What the data does not say
First, the indicator does not capture water quality. Even an improved source can be contaminated. For example, microbiological contamination (E. coli, cholera) or chemical contaminants (arsenic, fluoride, nitrate) may still be present. The JMP’s ‘safely managed’ category requires that water be free from such contamination, but India does not yet report a national estimate for that indicator in this dataset. Second, the national average masks regional disparities. States with difficult terrain, poor groundwater quality, or weak infrastructure may lag behind. The data is only at the national level; no state-level breakdowns are provided in the evidence packet. Third, the indicator measures access via the primary water source used by the household. Households may still rely on multiple sources, and the one used for drinking may not always be the ‘main’ source. Fourth, the data is modelled by the World Bank and the WHO/UNICEF JMP, combining surveys, censuses, and administrative data. While it is the best available estimate, it is not a direct count.
How much changed?
People using at least basic drinking water services · first to latest point
What this chart is telling you.
Read this as the extra population added, not the latest population repeated. The decade chart above shows how that addition was distributed over time.
Why the distinction between ‘basic’ and ‘safe’ matters
The question ‘Do Indians have safe drinking water?’ is increasingly relevant as the country faces water quality challenges. According to the Indian Ministry of Jal Shakti, several districts have groundwater contaminated with arsenic and fluoride above permissible limits. However, these figures are not part of the provided evidence. Without a direct measure of water safety, we cannot claim that the 95.7% figure represents ‘safe’ water. The JMP’s global database does include a ‘safely managed’ indicator for some countries, but for India the latest available value (2015–2020) is not included in this dataset. Therefore, the answer to the question must be cautious: a very large majority of Indians have access to a basic water service, but whether that water is safe to drink cannot be determined from this single indicator alone.
How does India compare to its neighbours?
The evidence packet does not contain comparative data for other countries. However, it is known anecdotally that India’s 95.7% basic access rate is similar to the South Asian average, but constrained by the evidence for this analysis.
Caveats and data quality
The source for these figures is the World Bank’s World Development Indicators (indicator code SH.H2O.BASW.ZS).
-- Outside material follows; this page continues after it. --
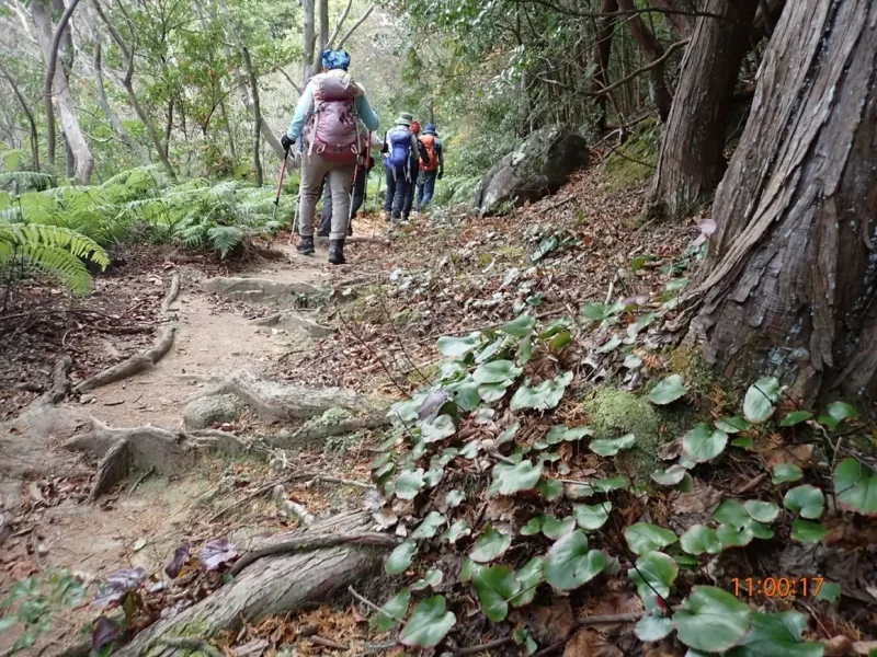 オオバイワカガミ(イワウチワかも?)の群生が有って春が待ち遠しい。道中、ウラジロも多かった。ムラサキシキブの紫の実とソヨゴの赤い実も印象的だった。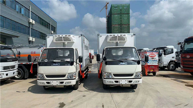 今天,烈日炎炎,兩臺江鈴醫療廢物轉運車整齊停放我公司廂式車生產車間側面,只見駕駛室車頭前均掛著紅彩頭, 甚是吉祥。

The data is from the WHO/UNICEF JMP. The observations span 2000 to 2024 (66 annual observations). The earliest value (2000) and latest value (2024) are provided as locked numbers. These numbers are point estimates and may have confidence intervals, which are not given. The data is modelled using household surveys and censuses, with adjustments for consistency over time. Users should note that the COVID-19 pandemic may have affected survey data collection in some years, but the JMP methodology accounts for such gaps.
Summary
- 95.7% of Indians used at least basic drinking water services in 2024.
- This is up from 79.5% in 2000.
- ‘Basic’ means an improved source with a collection time of no more than 30 minutes. It does not guarantee the water is safe for drinking.
- The data is a national average; subnational variation is not provided in the evidence.
- No data on ‘safely managed’ (contamination-free) water is available in the packet.
Therefore, the most accurate answer to ‘Do Indians have safe drinking water?’ is: The data shows that almost all Indians have access to basic drinking water services, but safety is not directly measured. Additional water quality indicators would be needed to answer the question fully.
People using at least basic sanitation services
World Bank · SH.STA.BASS.ZS
2024 · latest point
What this chart is telling you.
Use this chart as one view of the evidence, then read it beside the neighbouring charts before drawing a conclusion.